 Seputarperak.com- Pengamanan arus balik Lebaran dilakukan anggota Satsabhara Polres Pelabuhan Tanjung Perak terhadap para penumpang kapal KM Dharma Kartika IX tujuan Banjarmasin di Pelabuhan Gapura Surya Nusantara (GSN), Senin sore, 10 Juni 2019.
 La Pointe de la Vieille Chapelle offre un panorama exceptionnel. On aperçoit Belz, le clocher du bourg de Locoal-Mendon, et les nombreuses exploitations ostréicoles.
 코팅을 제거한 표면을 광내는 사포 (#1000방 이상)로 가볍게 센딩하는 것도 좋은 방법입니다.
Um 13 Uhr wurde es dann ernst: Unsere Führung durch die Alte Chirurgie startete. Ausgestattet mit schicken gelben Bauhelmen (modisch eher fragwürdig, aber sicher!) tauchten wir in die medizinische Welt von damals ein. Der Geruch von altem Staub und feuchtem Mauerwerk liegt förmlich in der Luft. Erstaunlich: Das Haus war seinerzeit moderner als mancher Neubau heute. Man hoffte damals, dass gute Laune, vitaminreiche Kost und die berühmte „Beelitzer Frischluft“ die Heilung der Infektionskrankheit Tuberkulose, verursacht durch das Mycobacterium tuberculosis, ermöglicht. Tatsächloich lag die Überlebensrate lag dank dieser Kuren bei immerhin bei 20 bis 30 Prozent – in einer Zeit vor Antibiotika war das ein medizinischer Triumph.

_ _ _ _

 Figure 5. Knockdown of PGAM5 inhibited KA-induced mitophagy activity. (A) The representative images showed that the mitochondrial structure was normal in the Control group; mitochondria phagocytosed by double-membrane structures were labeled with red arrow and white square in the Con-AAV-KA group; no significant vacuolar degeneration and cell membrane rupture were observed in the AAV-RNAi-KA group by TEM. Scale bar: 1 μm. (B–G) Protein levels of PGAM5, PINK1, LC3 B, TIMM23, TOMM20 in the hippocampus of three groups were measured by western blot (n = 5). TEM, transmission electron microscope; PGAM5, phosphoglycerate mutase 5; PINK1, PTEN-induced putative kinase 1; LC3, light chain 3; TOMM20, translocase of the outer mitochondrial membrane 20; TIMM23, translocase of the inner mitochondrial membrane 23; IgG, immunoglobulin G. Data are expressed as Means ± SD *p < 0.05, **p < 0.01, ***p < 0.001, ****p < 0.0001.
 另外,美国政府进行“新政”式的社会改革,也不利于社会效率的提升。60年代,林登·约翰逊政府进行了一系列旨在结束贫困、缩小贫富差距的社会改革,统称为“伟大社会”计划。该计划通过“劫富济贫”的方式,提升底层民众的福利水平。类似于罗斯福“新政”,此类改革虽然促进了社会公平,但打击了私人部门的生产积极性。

_ _ _ _

# Task item
Looking at the data above, write out exactly the lines that start at the one containing "Seputarperak.com- Pengamanan arus" and end at the one containing "코팅을 제거한 표면을"; include both and nothing beyond.

# Task solution
 Seputarperak.com- Pengamanan arus balik Lebaran dilakukan anggota Satsabhara Polres Pelabuhan Tanjung Perak terhadap para penumpang kapal KM Dharma Kartika IX tujuan Banjarmasin di Pelabuhan Gapura Surya Nusantara (GSN), Senin sore, 10 Juni 2019.
 La Pointe de la Vieille Chapelle offre un panorama exceptionnel. On aperçoit Belz, le clocher du bourg de Locoal-Mendon, et les nombreuses exploitations ostréicoles.
 코팅을 제거한 표면을 광내는 사포 (#1000방 이상)로 가볍게 센딩하는 것도 좋은 방법입니다.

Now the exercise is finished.